**Exercise description:**
Your answer should hold exactly the lines below from the line with "JS-MHD7272系列混合" through the line with "Selling a DeLonghi", both included, and no pictures at all.

**Record set:**
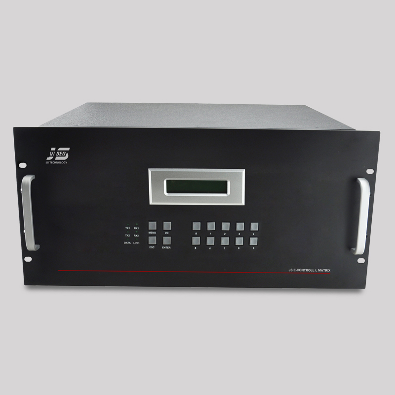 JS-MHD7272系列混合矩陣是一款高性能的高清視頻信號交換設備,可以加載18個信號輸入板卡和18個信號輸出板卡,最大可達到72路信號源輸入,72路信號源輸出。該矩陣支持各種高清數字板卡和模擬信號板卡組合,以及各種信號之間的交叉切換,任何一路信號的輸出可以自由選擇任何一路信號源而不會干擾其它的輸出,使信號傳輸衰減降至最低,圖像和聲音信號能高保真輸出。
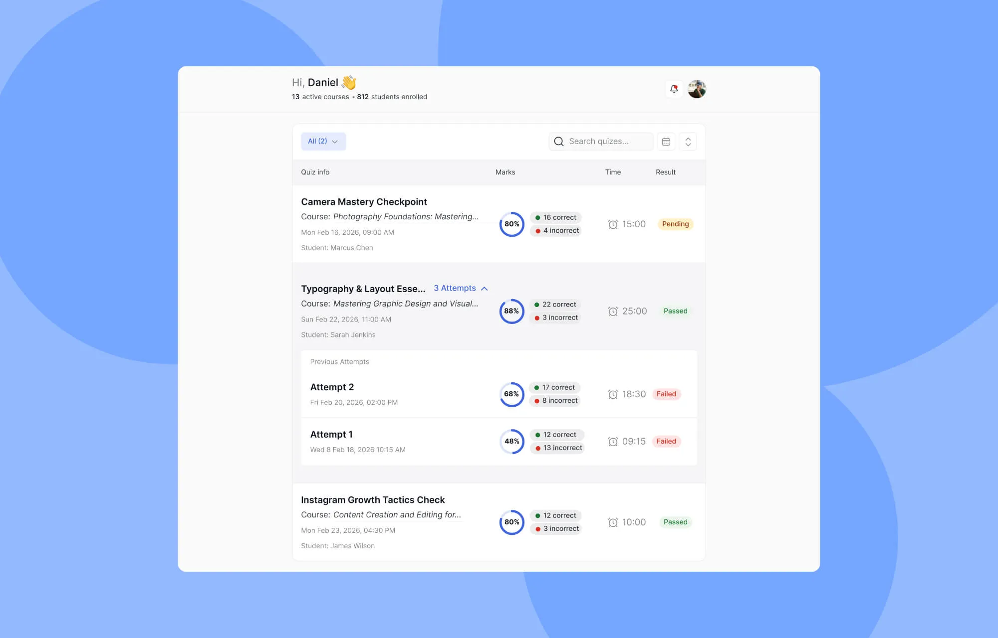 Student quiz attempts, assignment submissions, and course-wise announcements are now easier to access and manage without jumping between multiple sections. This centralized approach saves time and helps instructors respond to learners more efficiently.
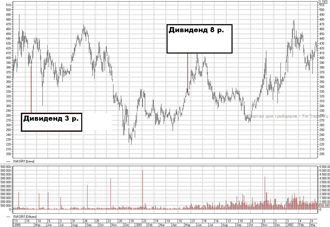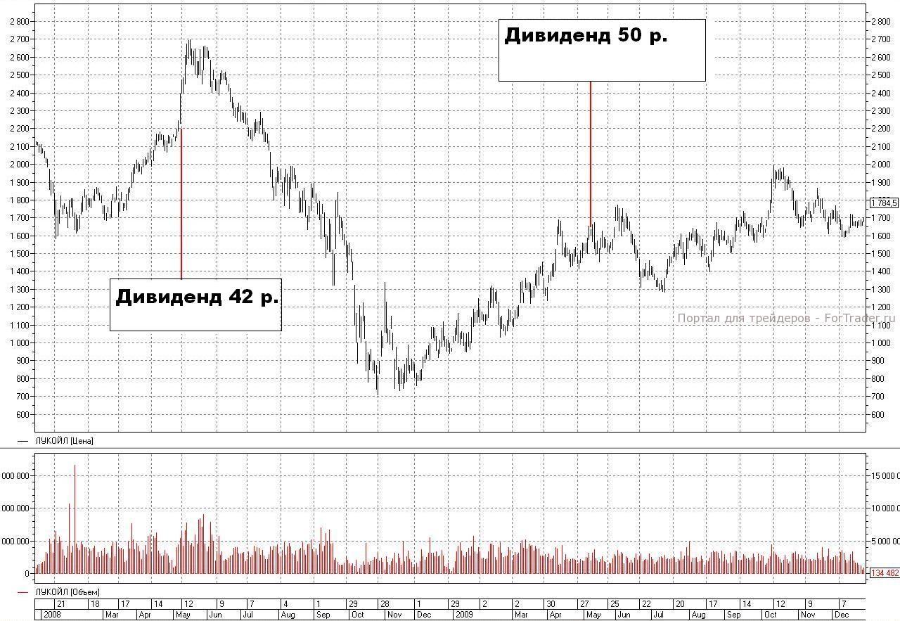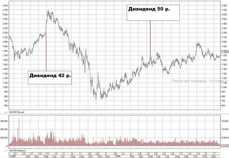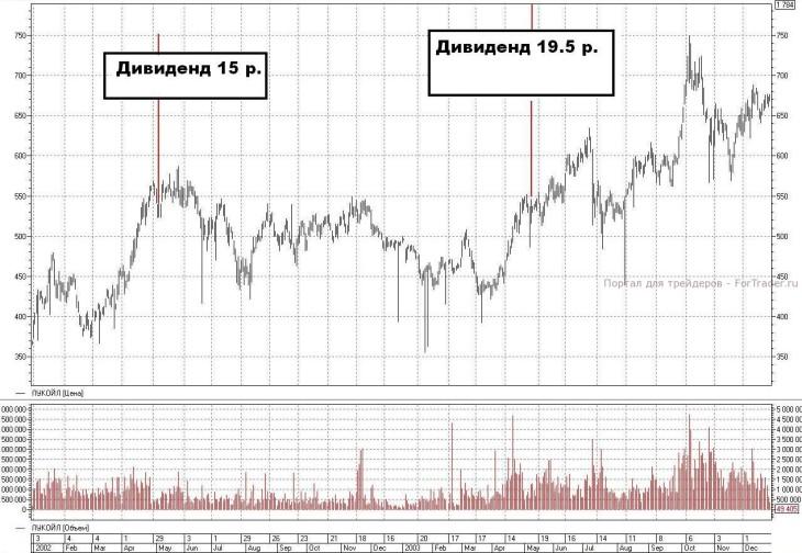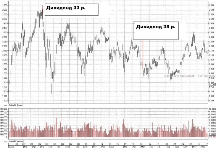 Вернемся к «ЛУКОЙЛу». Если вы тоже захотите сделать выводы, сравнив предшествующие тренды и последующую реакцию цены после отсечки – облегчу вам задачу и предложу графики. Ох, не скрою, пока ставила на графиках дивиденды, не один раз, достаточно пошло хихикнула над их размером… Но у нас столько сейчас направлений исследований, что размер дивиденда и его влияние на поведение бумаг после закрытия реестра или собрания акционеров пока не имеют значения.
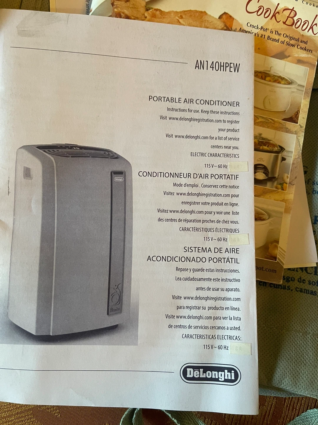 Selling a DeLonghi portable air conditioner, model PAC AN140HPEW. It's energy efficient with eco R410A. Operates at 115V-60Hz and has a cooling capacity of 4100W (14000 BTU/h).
==
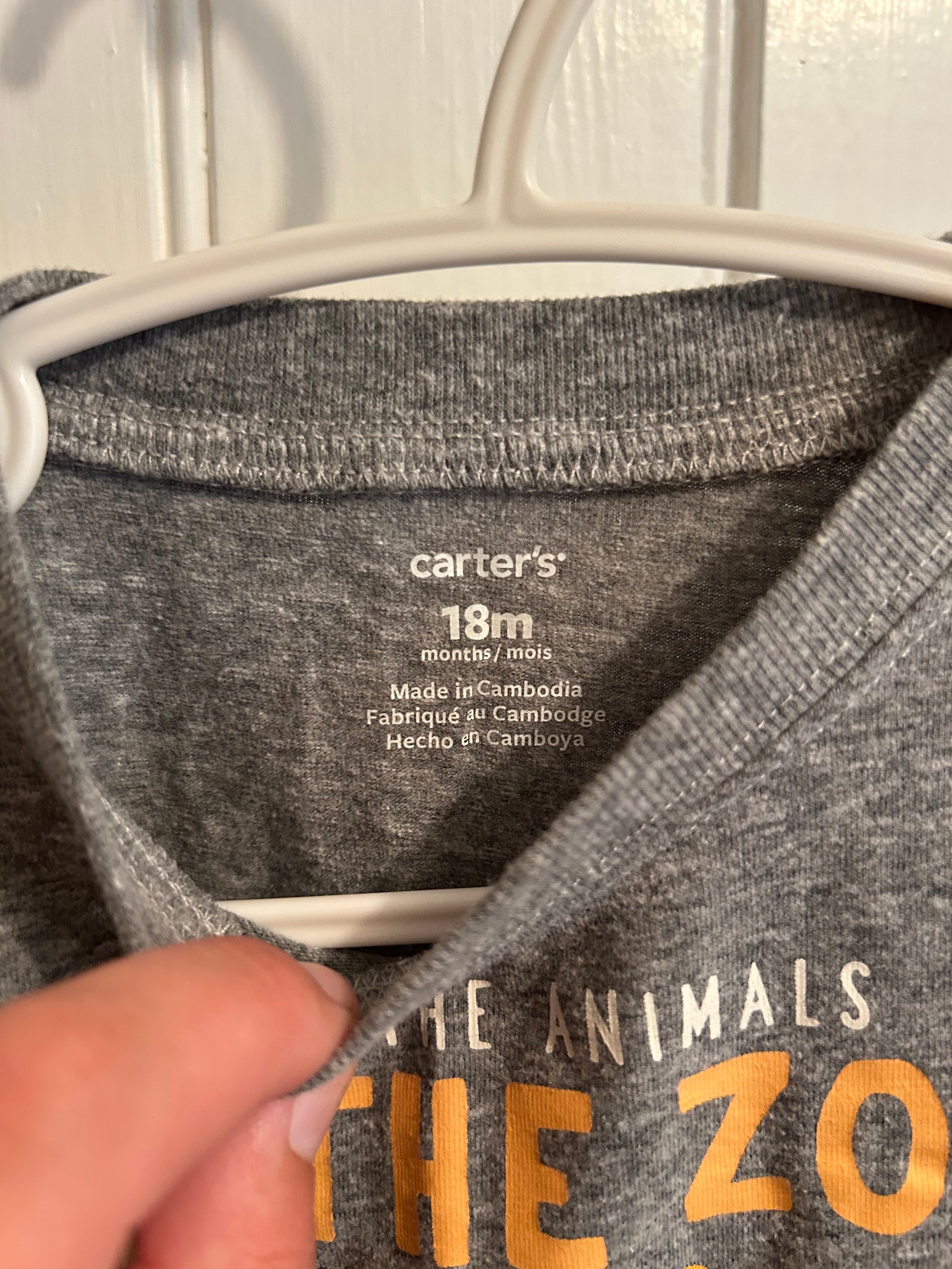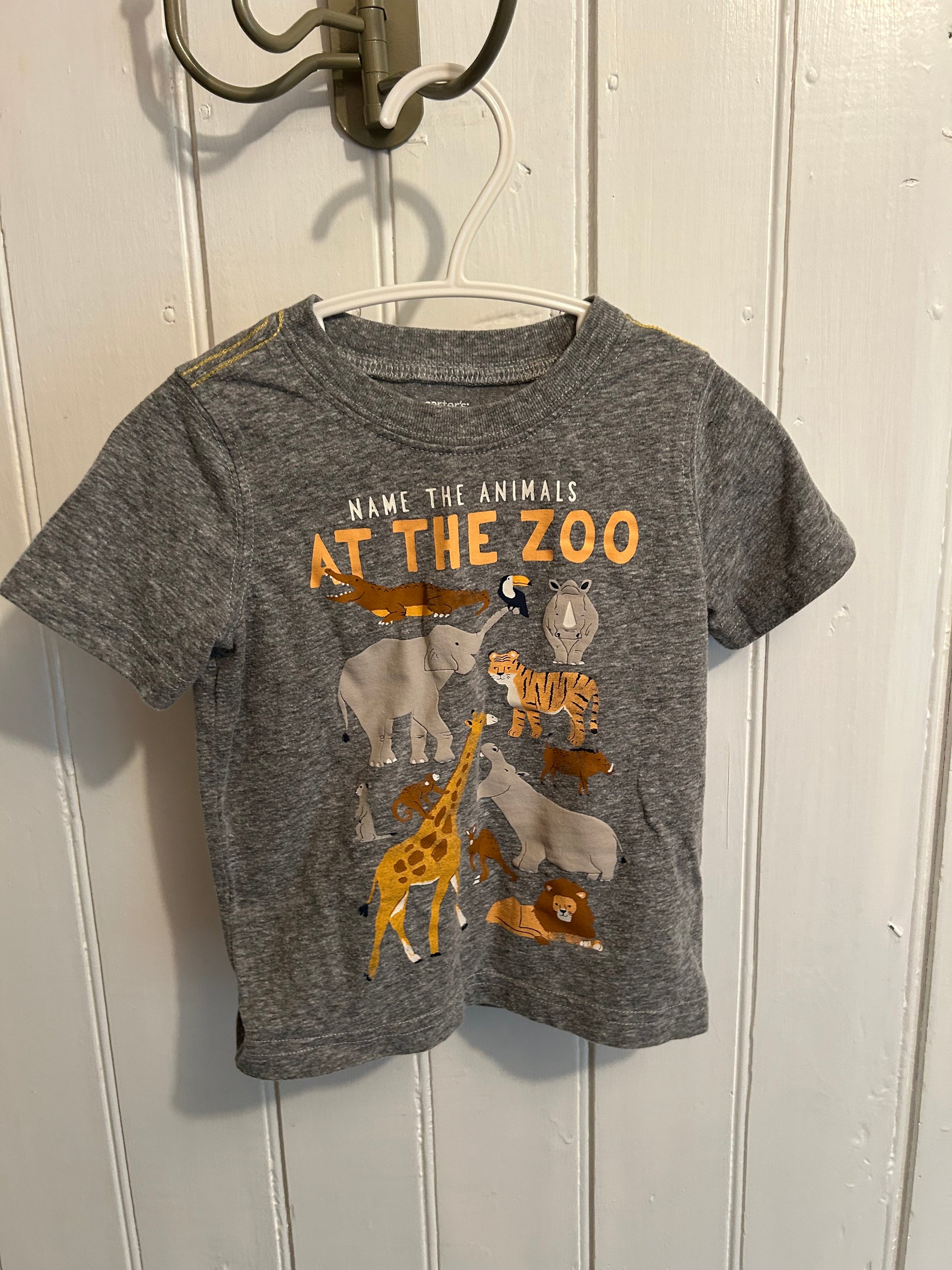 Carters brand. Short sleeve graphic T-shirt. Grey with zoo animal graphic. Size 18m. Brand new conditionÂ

**Task solution:**
 JS-MHD7272系列混合矩陣是一款高性能的高清視頻信號交換設備,可以加載18個信號輸入板卡和18個信號輸出板卡,最大可達到72路信號源輸入,72路信號源輸出。該矩陣支持各種高清數字板卡和模擬信號板卡組合,以及各種信號之間的交叉切換,任何一路信號的輸出可以自由選擇任何一路信號源而不會干擾其它的輸出,使信號傳輸衰減降至最低,圖像和聲音信號能高保真輸出。
 Student quiz attempts, assignment submissions, and course-wise announcements are now easier to access and manage without jumping between multiple sections. This centralized approach saves time and helps instructors respond to learners more efficiently.
 Вернемся к «ЛУКОЙЛу». Если вы тоже захотите сделать выводы, сравнив предшествующие тренды и последующую реакцию цены после отсечки – облегчу вам задачу и предложу графики. Ох, не скрою, пока ставила на графиках дивиденды, не один раз, достаточно пошло хихикнула над их размером… Но у нас столько сейчас направлений исследований, что размер дивиденда и его влияние на поведение бумаг после закрытия реестра или собрания акционеров пока не имеют значения.
 Selling a DeLonghi portable air conditioner, model PAC AN140HPEW. It's energy efficient with eco R410A. Operates at 115V-60Hz and has a cooling capacity of 4100W (14000 BTU/h).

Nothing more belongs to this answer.